TPROX Contentieux Général, 24 janvier 2025 — 24/00317

Fait droit à l'ensemble des demandes du ou des demandeurs sans accorder de délais d'exécution au défendeur Cour de cassation — TPROX Contentieux Général

Texte intégral

TRIBUNAL de PROXIMITE d’ARCACHON [Adresse 7] [Localité 2]

MINUTE :

N° RG 24/00317 - N° Portalis DBX6-W-B7I-ZW4K

S.A. FLOA

C/

[U] [J]

le

- Expéditions délivrées à

- la SAS MAXWELL MAILLET BORDIEC -[U] [J]

JUGEMENT EN DATE DU 24 JANVIER 2025

COMPOSITION DU TRIBUNAL :

PRÉSIDENT : Madame Sonia DESAGES, Vice-Présidente chargée des fonctions de Juge des contentieux de la protection au Tribunal de proximité d’ARCACHON

GREFFIER : Madame Betty BRETON, Greffier

DÉBATS : Audience publique en date du 15 Novembre 2024

PROCÉDURE : Articles 480 et suivants du code de procédure civile.

JUGEMENT: Réputé contradictoire Premier ressort Par mise à disposition au greffe,

DEMANDERESSE : S.A. FLOA [Adresse 6] [Localité 3] Représentée par Maître William MAXWELL de la SAS MAXWELL MAILLET BORDIEC

DEFENDEUR : Monsieur [U] [J] né le [Date naissance 1] 1976 à [Localité 8] [Adresse 5] [Localité 4] Absent

EXPOSE DU LITIGE Suivant contrat électronique signé le 14 octobre 2022, FLOA BANK a consenti à M [U] [J] un prêt personnel de restructuration d’un montant de 8925,42€ au taux nominal de 5,19 % l’an (TAEG 5,32 %) remboursable en 120 mensualités de 95,52 € chacune, outre une assurance emprunteur à hauteur de 19,64€ par mois ; soit une mensualité totale de 115,16€ Les fonds ont été débloqués le 26 octobre 2022.

Suite à des impayés, FLOA BANK a adressé à M [U] [J] un courrier de mise en demeure le 05 septembre 2023 lui enjoignant de payer une somme de 876,30 € dans un délai de 8 jours sous peine de déchéance du terme qui a été prononcée le 26 décembre 2023.

Par acte en date du 17 octobre 2024, la SA FLOA BANK a assigné M [U] [J] devant le juge des contentieux de la protection du tribunal de proximité d’Arcachon afin d’obtenir paiement des sommes dues.

A l’audience du 15 novembre 2024, FLOA BANK, représentée par son Conseil, reprend les termes de son assignation et réclame la condamnation de M [U] [J] à lui verser la somme de 8645,16 €, outre les intérêts au taux conventionnel de 5,194 % l’an sur la somme de 7929,62 € depuis le 22 août 2024, date du dernier décompte.
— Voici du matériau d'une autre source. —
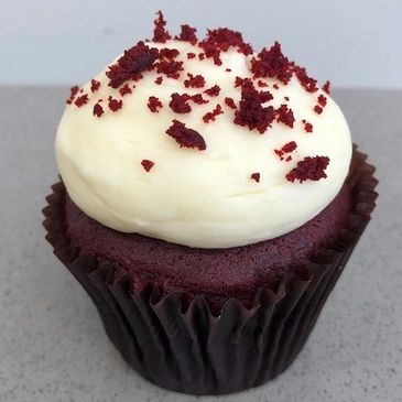 grandma's red velvet cake with our signature cream cheese frosting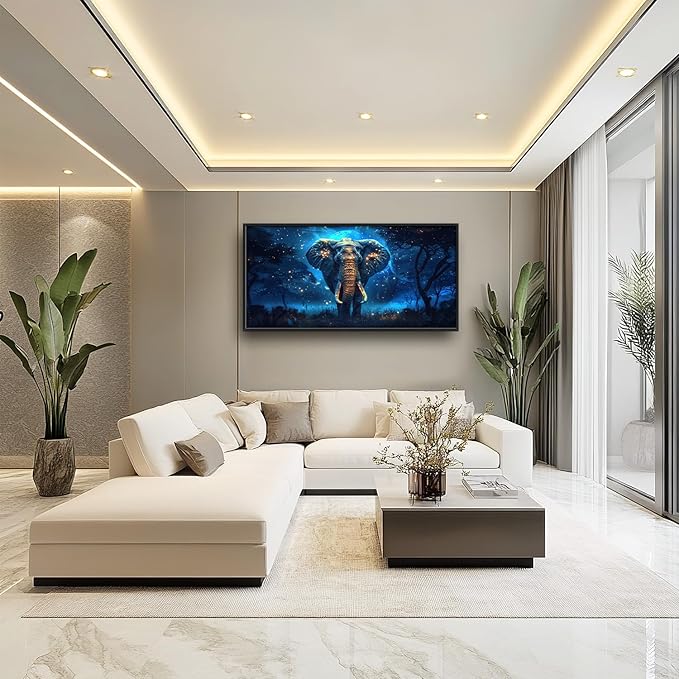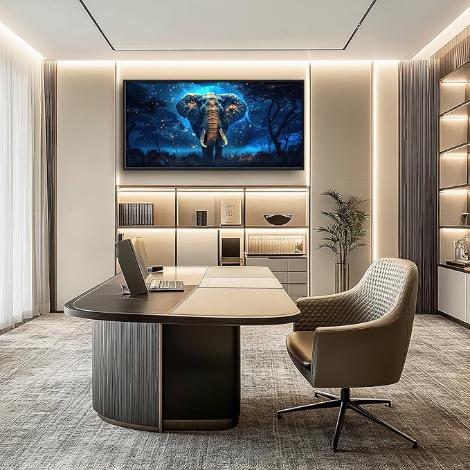 Flintis Large Elephant Wall Art Elephant Moon Wall Decor Abstract Animal Canvas Painting Print Artwork Decoration Framed for Living Room Bathroom Master Bedroom Office Dining Room 60L x 30W

Elle sollicite en outre une somme de 500 € au titre de l’article 700 du code de procédure civile et la capitalisation des intérêts.

Elle se prévaut des dispositions de l’article R 312-35 du code de la consommation pour voir déclarer ses demandes recevables, en l’état d’une déchéance du terme prononcée suite à un premier impayé non régularisé en date du 31 janvier2023, et bien fondées au vu de l’article L 312-29 du même code. Interrogé par le Tribunal sur les causes de déchéance du droit aux intérêts, le demandeur a indiqué qu’aucune cause de déchéance n’était encourue.

M [U] [J], cité à étude, n’a pas comparu.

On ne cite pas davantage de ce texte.